Wednesday, March 30, 2005

A little taste of kira-kira

Kira-kira means 'glittering' in Japanese -- it's also a recurring image in Cynthia Kadohata's novel of the same name. Glittering sea, glittering eyes, glittering stars. Kira-kira is the first word big sister Lynn teaches Katie, the novel's narrator; it is also a way of seeing the world that Lynn helps Katie to learn: "My sister had taught me to look at the world that way, as a place that glitters, as a place where the calls of the crickets and the crows and the wind are everyday ocurrences that also happen to be magic" (p243-44).

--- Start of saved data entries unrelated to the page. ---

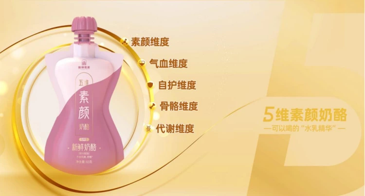 这款奶酪新品在营养功能和食品健康上都尽力满足女性消费者的个性需求。在营养功能上,五维素颜奶酪除了补钙补蛋白等酪制品皆具备的一般功能之外,还专为女性群体提供五个维度的营养支持,即抗氧维度、气血维度、自护维度、骨骼维度、代谢维度,由此组成五维营养系统,瞄准女性消费者的需求痛点,在成分研发中下了十足的苦功;五维营养支持的范围从外显的皮肤护理、气血调理,到人体内部的消化代谢、骨骼补钙、抗炎自护等,可谓面面俱到,全方位守护女性健康。
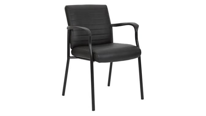 Low Back Faux Leather Guest Chair with PP Arms and Black Finish Frame.
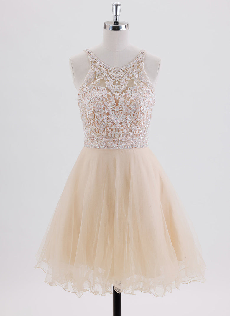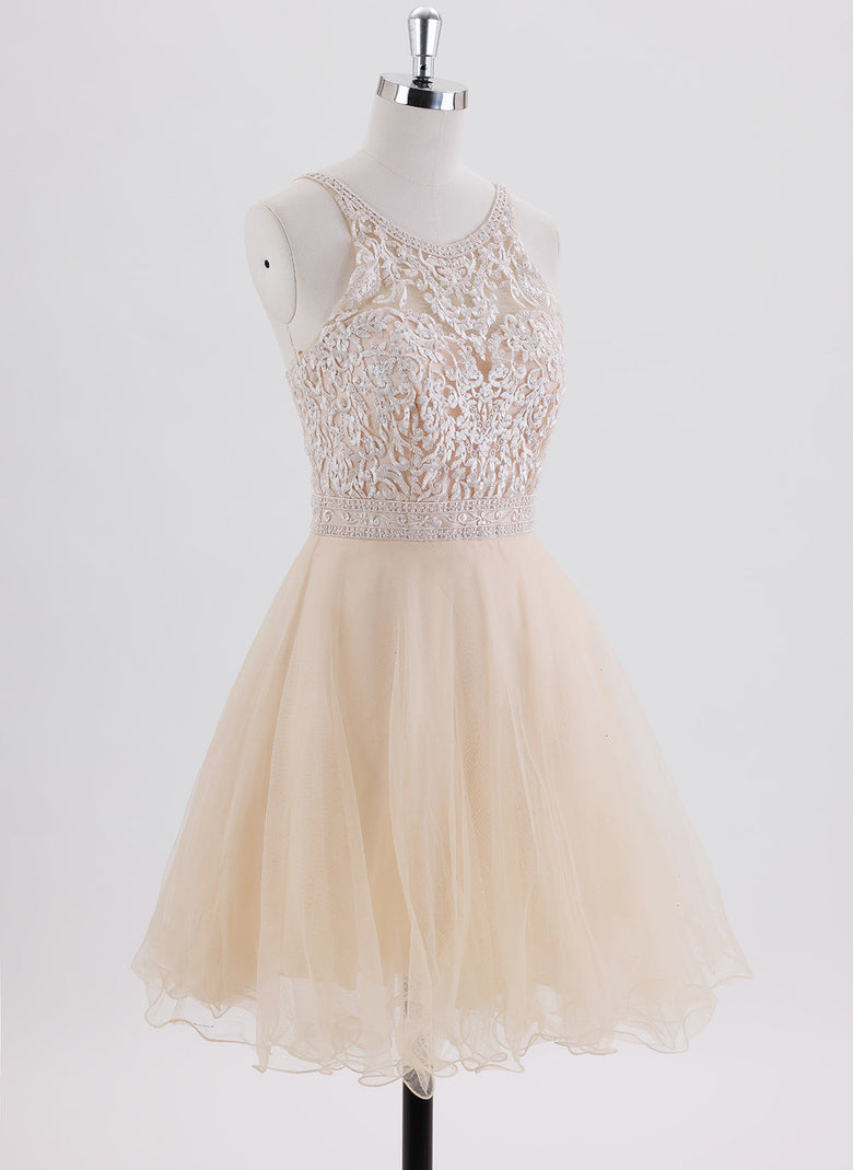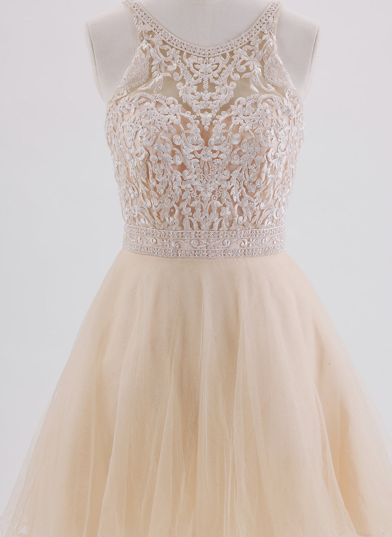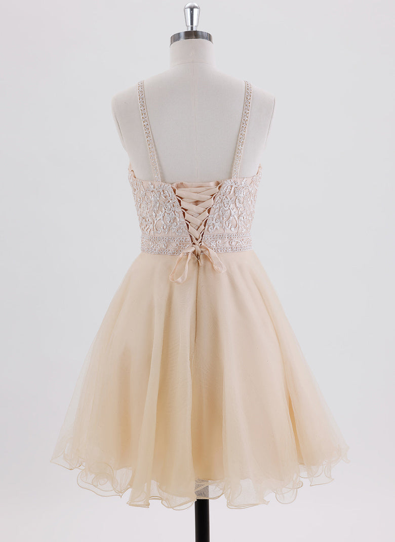 This A-line sleeveless homecoming dress features a delicate short tulle skirt that offers graceful movement and a flattering silhouette. Intricate beading embellishes the bodice, adding subtle sparkle and refined detail. Designed for comfort and style, this dress is an excellent choice for making a sophisticated impression at your special event.
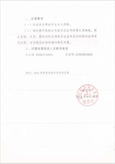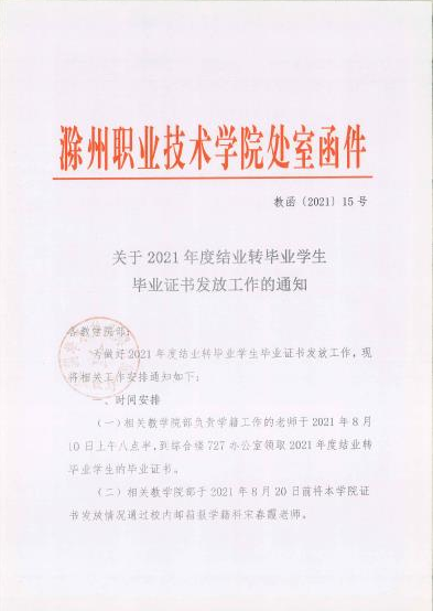 关于2021年度结业转毕业学生毕业证书发放工作的通知 教函〔2021〕15号
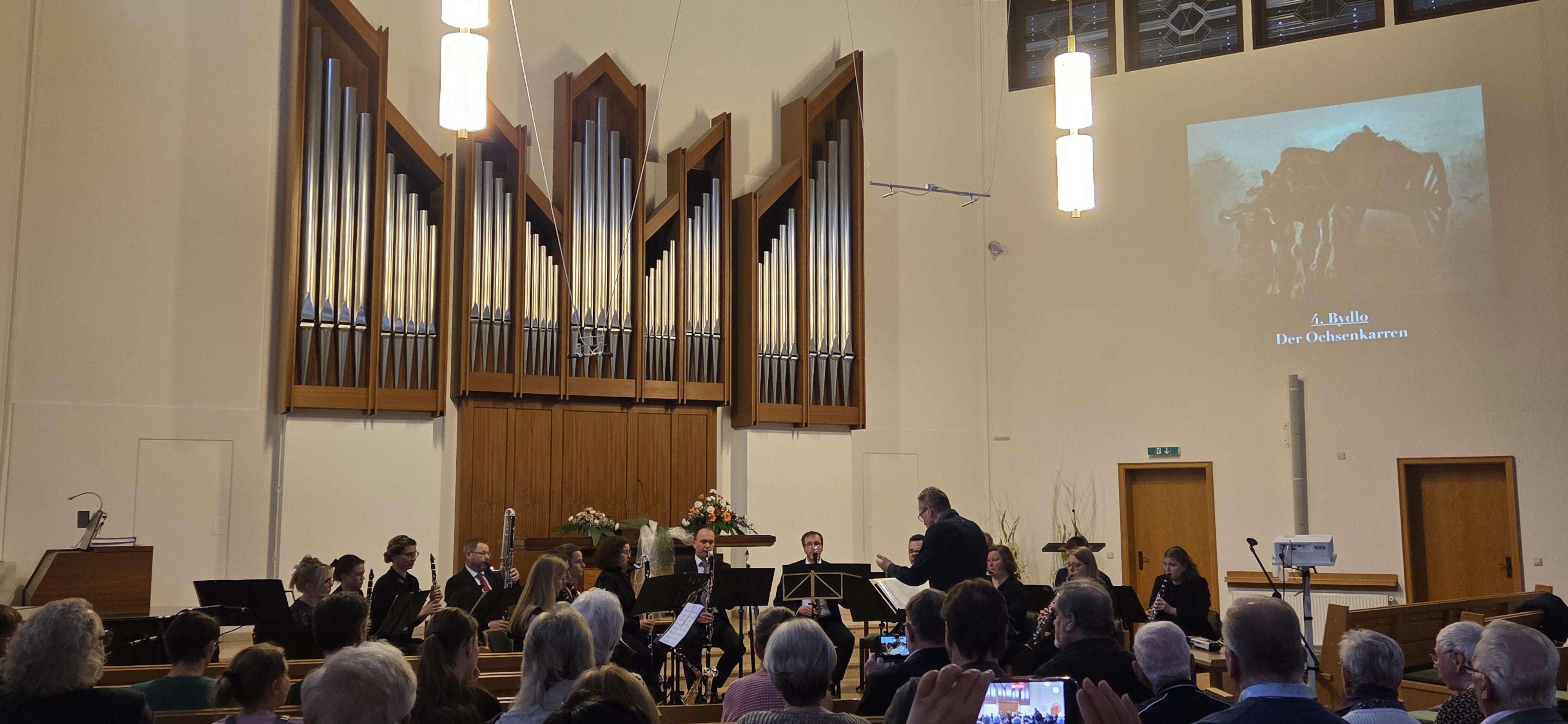 Das Ensemble musizierte unter der Leitung von Prof. Marco Thomas aus Bremen. Im Mittelpunkt des Konzertes stand die beeindruckende Vielfalt der Klarinettenfamilie. Von kleinen etwa ellengroßen Instrumenten, der Es-Klarinette, bis hin zu mannshohen Ausführungen, der Kontrabassklarinette, wurde die ganze Bandbreite vorgestellt. Besonders eindrucksvoll war das Zusammenspiel der unterschiedlichen Klangfarben, was die Vielseitigkeit dieses Instruments hörbar machte.
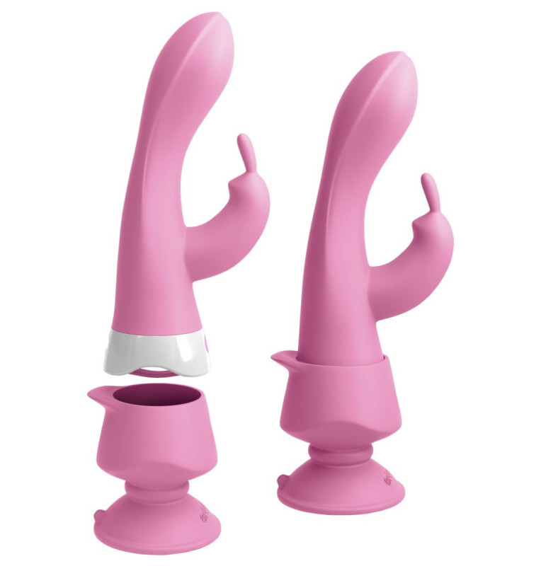 Розовый вибратор-кролик со съемной присоской Wall Banger Rabbit - 19,9 см.
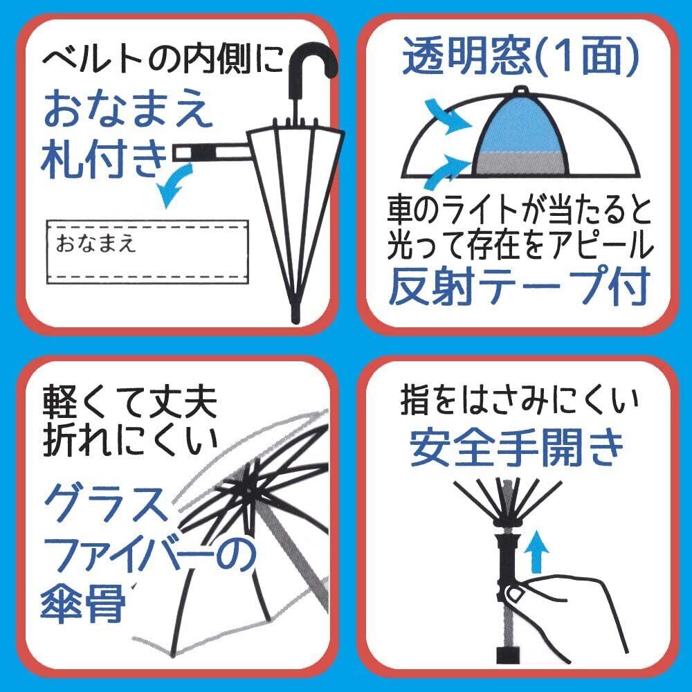 「傘の正面に透明な窓が付いていることで、前方の視界がクリアに確保できます。子供たちが安全に歩行できるように配慮されています。雨の日でも周囲をしっかり確認できるので、安心して使用できます!」
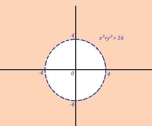 Заданная область - это часть плоскости, расположенная вне круга с центром в точке (0;0) и радиуса R=4 , граница круга в эту область не входит .
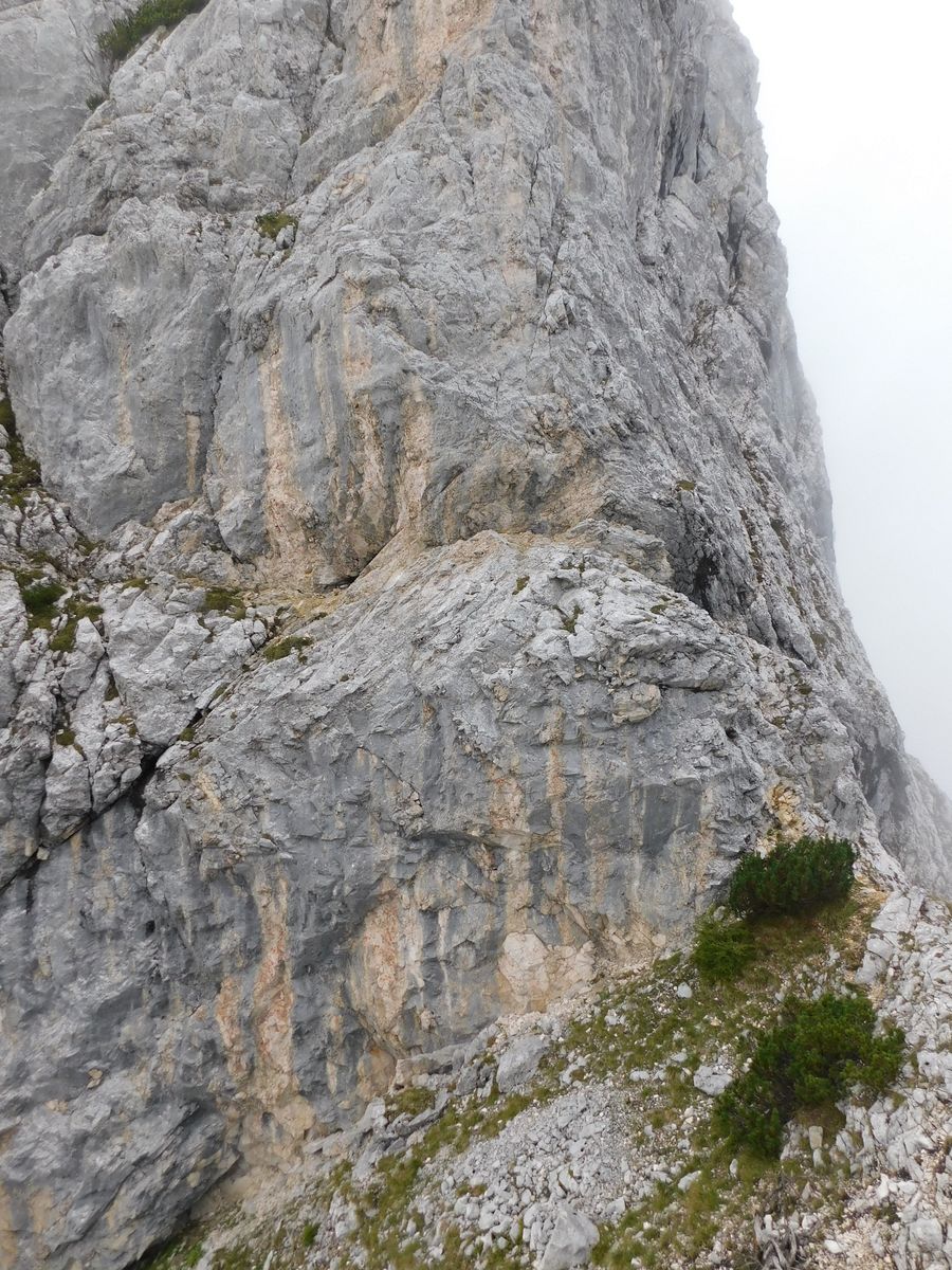 Hier das Band von unten, nachdem ichs geschafft habe (in der Bildmitte). Es kann gut sein, dass es auch einfacher gegangen wäre und ich nur die Tritte/Griffe nicht gesehen habe, die trotz Rucksack gut machbar sind. Aber so wars mir lieber, als noch länger herumzuprobieren:

Lynn, though just four years older than Katie, acts as a surrogate mom to Katie, teaching her not just words, but also the facts of their life as two of only thirty-one Japanese people in their small southern town. Katie is perplexed by Lynn's assertion that some kids at her new school may ignore her: "'Why wouldn't they want to know me?' Who wouldn't want to know me? This was a new idea for me. Our father had always thought we were quite amazing, and Lynn, of course, had always thought I was perfect, so I thought of myself as rather amazing and maybe even perfect" (p50). And moments like this, full of quiet, understated wit, are why I liked this novel (though I'm pretty sure that as a child I would have been less than thrilled with it!).